Copy exactly every line below, from the first through the one that contains "aceo SFA original", and skip all pictures.
*** Opening Data listing ***
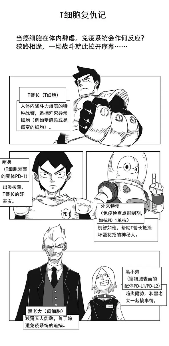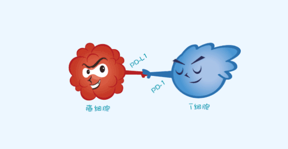 T细胞表面的“PD-1”与癌细胞表面的“PD-L1/PD-L2”结合时,T细胞将失去战斗力,无法攻击癌细胞。
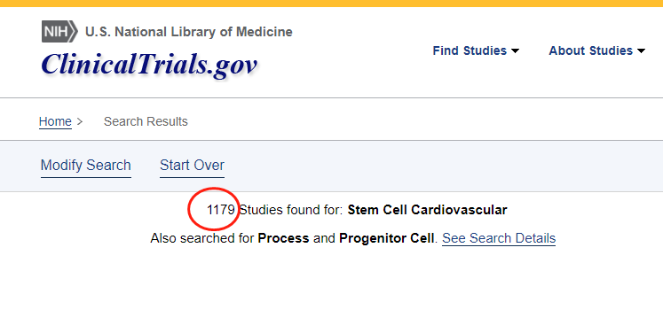 截止2022年12月,在美國(guó)國(guó)立衛(wèi)生研究院的最大臨床試驗(yàn)注冊(cè)庫(kù)clinicaltrials.gov網(wǎng)站上注冊(cè)的有關(guān)干細(xì)胞治療心血管疾病的臨床研究項(xiàng)目有1179項(xiàng)。
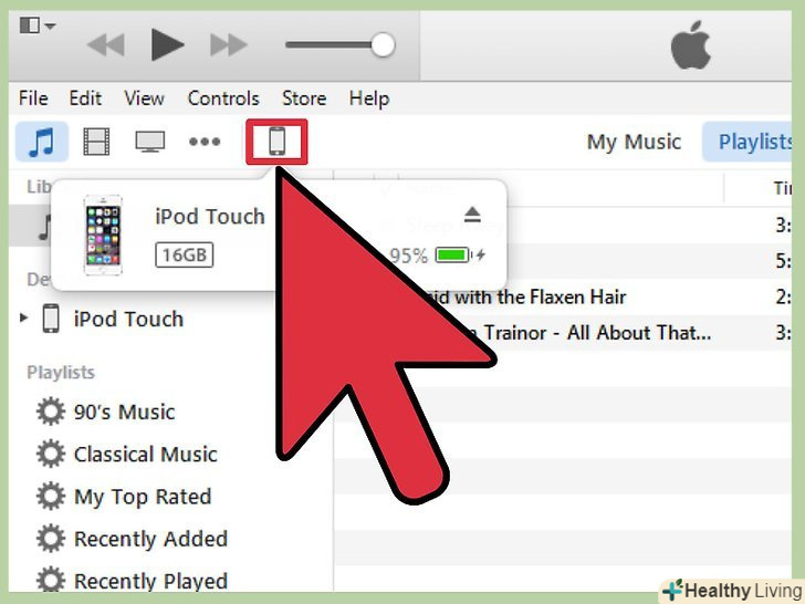Відкрийте iTunes і виберіть свій iPod. Значок у вигляді iPod відобразиться у верхній частині екрана.- Якщо потрібно ввести код доступу (коли ви підключите iPod до комп'ютера) або якщо ви ніколи не синхронізували iPod з iTunes на своєму комп'ютері, перейдіть в розділ «Режим відновлення».
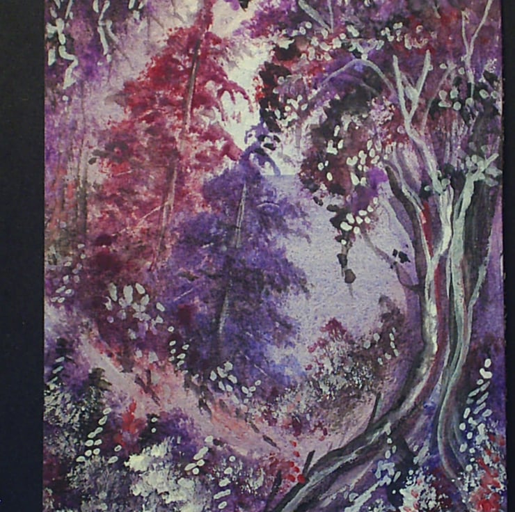 aceo SFA original miniature watercolour painting purple fantasy woodland
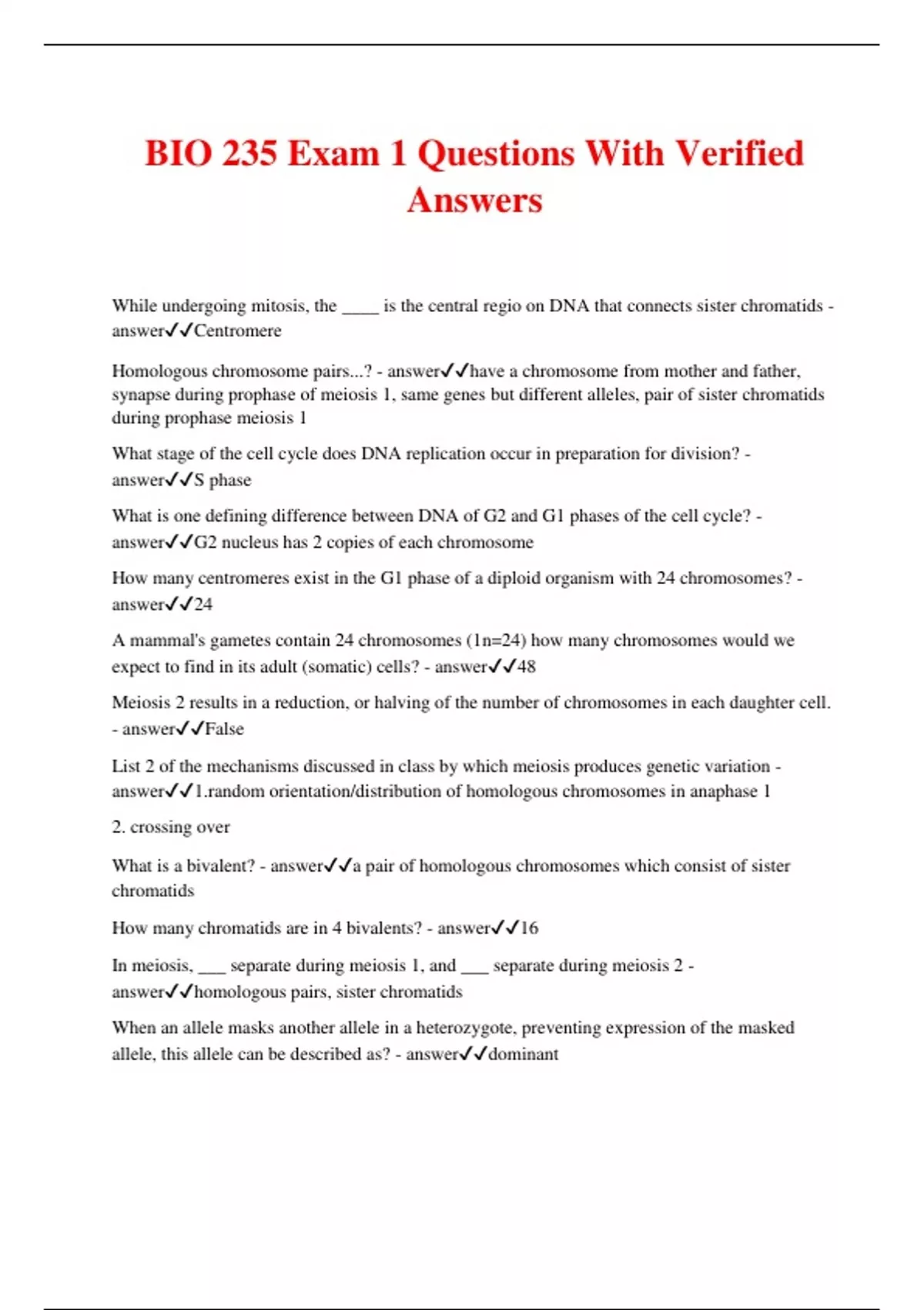 BIO 235 Exam 1 Questions With Verified Answers While undergoing mitosis, the ____ is the central regio on DNA that connects sister chromatids - answerCentromere Homologous chromosome pairs...? - answerhave a chromosome from mother and father, synapse during prophase of meiosis 1, same genes but different alleles, pair of sister chromatids during prophase meiosis 1 What stage of the cell cycle does DNA replication occur in preparation for division? - answerS phase What is one defining difference between DNA of G2 and G1 phases of the cell cycle? - answerG2 nucleus has 2 copies of each chromosome How many centromeres exist in the G1 phase of a diploid organism with 24 chromosomes? - answer24 A mammal's gametes contain 24 chromosomes (1n=24) how many chromosomes would we expect to find in its adult (somatic) cells? - answer48 Meiosis 2 results in a reduction, or halving of the number of chromosomes in each daughter cell. - answerFalse List 2 of the mechanisms discussed in class by which meiosis produces genetic variation - answerm orientation/distribution of homologous chromosomes in anaphase 1 2. crossing over What is a bivalent? - answera pair of homologous chromosomes which consist of sister chromatids How many chromatids are in 4 bivalents? - answer16 In meiosis, ___ separate during meiosis 1, and ___ separate during meiosis 2 - answerhomologous pairs, sister chromatids When an allele masks another allele in a heterozygote, preventing expression of the masked allele, this allele can be described as? - answerdominant
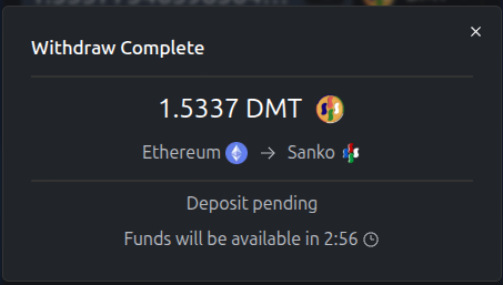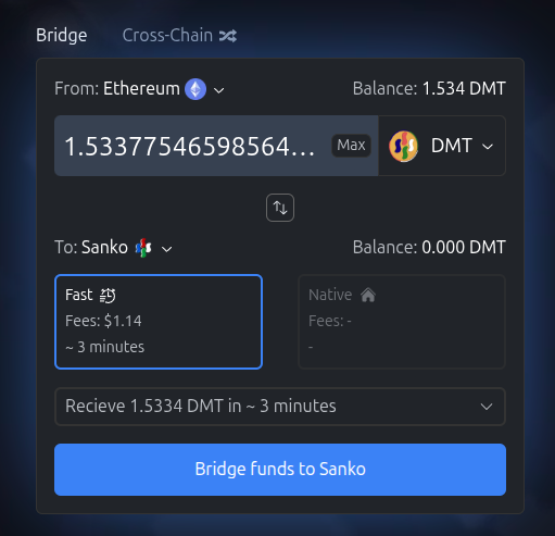 Enter the amount you want to bridge then click ‘Bridge funds to Sanko’.
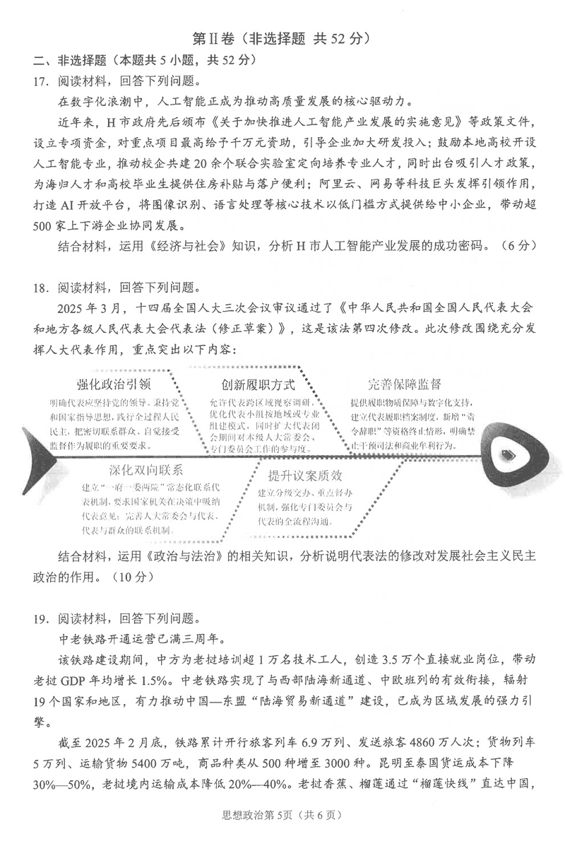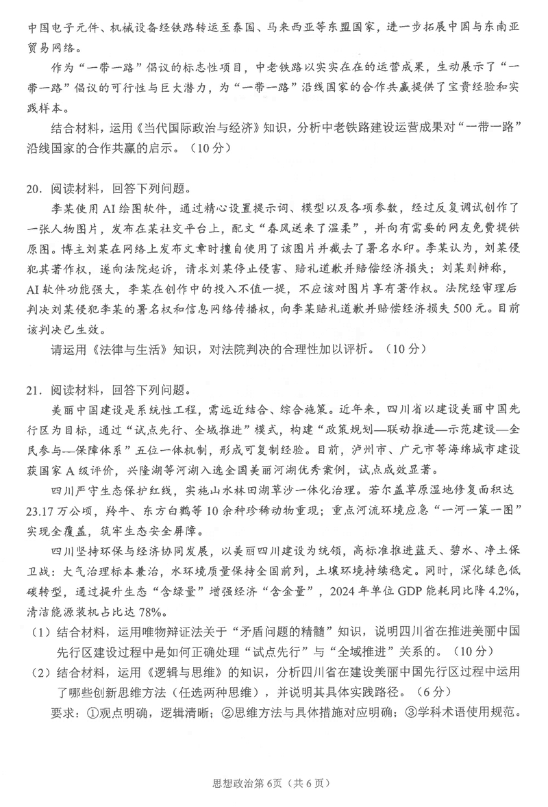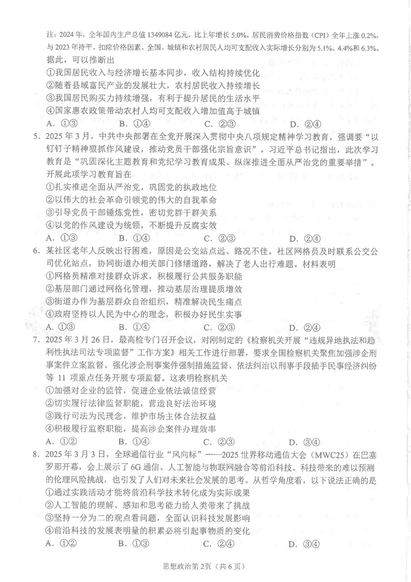 南充三诊高2025届高考适应性政治试题及答案 时间:2025-04-10 四川 文综试题 南充三诊高2025届高考适应性政治考试已于近日开考,为方便考生考后及时查看考试情况,查漏补缺、弥补不足,本文整理了试题答案解析相关信息! 汇总:南充三诊高2025届高考适应性考试试题及答案汇总 政治试题及答案解析
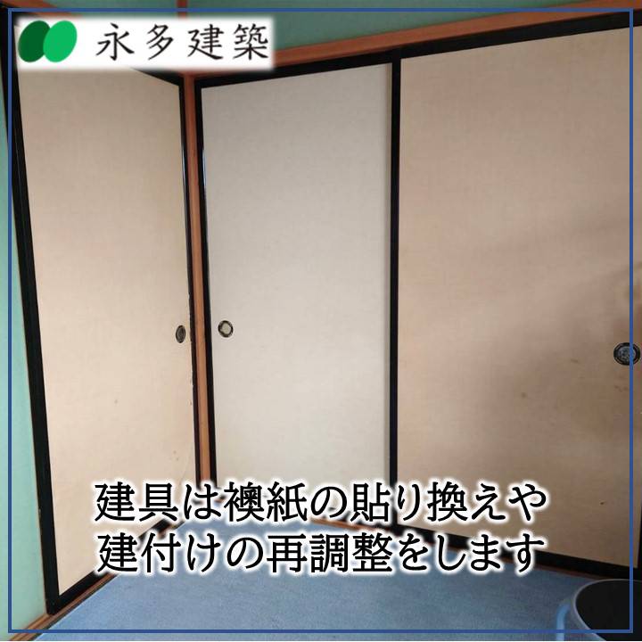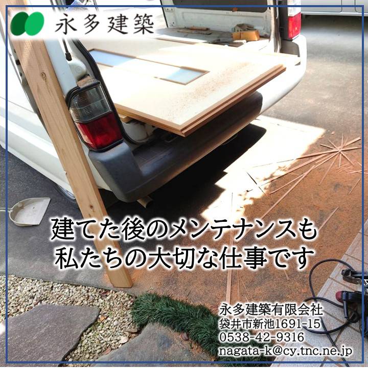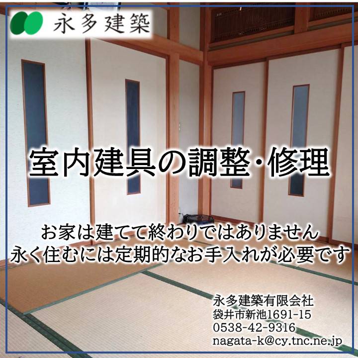建具の修理・調整 K様邸 袋井市祢宜弥OB客様より 建具の修理・調整依頼いただきました。お家は建ててから数十年、長ければ百年以上も住んで頂くものです。永く快適にお住まい頂くためには、定期的にお手入れをする必要があります。永多建築はお引渡ししてからが本当のお付合いの始まりだと考えています。建てた後のメンテナンスも永多建築にお任せください。
*** Closing Data listing ***
→ **The answer**
 T细胞表面的“PD-1”与癌细胞表面的“PD-L1/PD-L2”结合时,T细胞将失去战斗力,无法攻击癌细胞。
 截止2022年12月,在美國(guó)國(guó)立衛(wèi)生研究院的最大臨床試驗(yàn)注冊(cè)庫(kù)clinicaltrials.gov網(wǎng)站上注冊(cè)的有關(guān)干細(xì)胞治療心血管疾病的臨床研究項(xiàng)目有1179項(xiàng)。
Відкрийте iTunes і виберіть свій iPod. Значок у вигляді iPod відобразиться у верхній частині екрана.- Якщо потрібно ввести код доступу (коли ви підключите iPod до комп'ютера) або якщо ви ніколи не синхронізували iPod з iTunes на своєму комп'ютері, перейдіть в розділ «Режим відновлення».
 aceo SFA original miniature watercolour painting purple fantasy woodland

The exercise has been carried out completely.